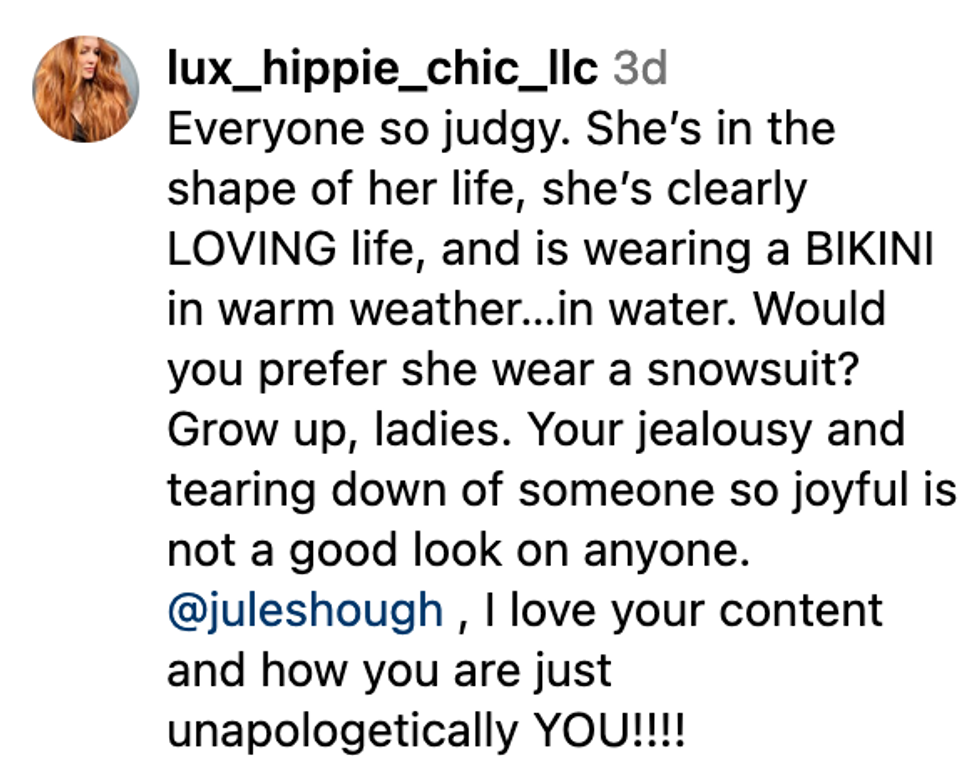 Dancing with the Stars host Julianne Hough responded to body-shaming comments after she posted a playful Instagram video of her enjoying her spa day clad in a snakeskin-patterned bikini.
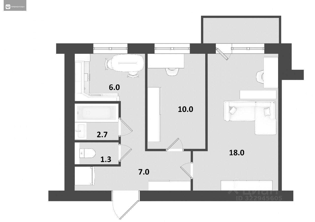 • Просторный зал с выходом на застекленный балкон;
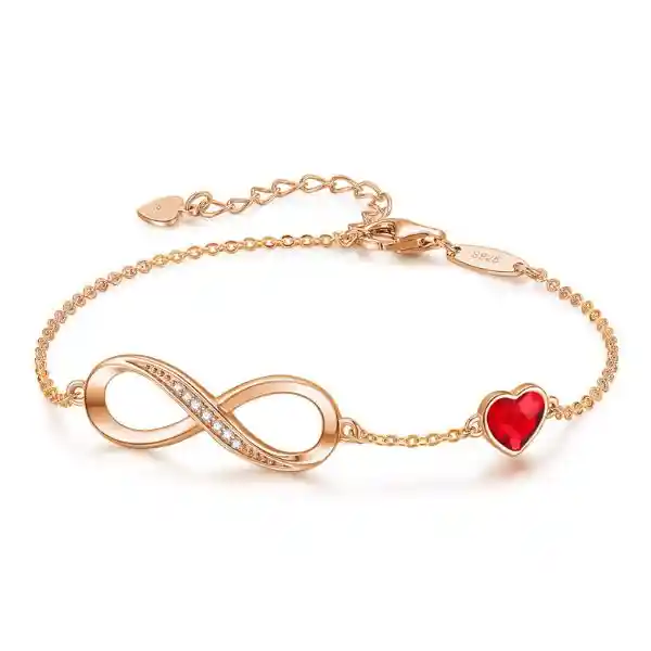 Pulsera hecha de Plata Italiana 925 y Cristales Austriacos. Bañada en Oro Rosado. Color Circón: Blanco y Rojo. Largo dije: 2,5 cm Tamaño corazón: 0,7 cm Largo: 18 cm más 5 cm de extensión Libre de níquel y plomo. Incluye elegante caja.

About this exercise — Repeat the data above in full and exactly. Omit every image.

Answer to the exercise —
 Dancing with the Stars host Julianne Hough responded to body-shaming comments after she posted a playful Instagram video of her enjoying her spa day clad in a snakeskin-patterned bikini.
 • Просторный зал с выходом на застекленный балкон;
 Pulsera hecha de Plata Italiana 925 y Cristales Austriacos. Bañada en Oro Rosado. Color Circón: Blanco y Rojo. Largo dije: 2,5 cm Tamaño corazón: 0,7 cm Largo: 18 cm más 5 cm de extensión Libre de níquel y plomo. Incluye elegante caja.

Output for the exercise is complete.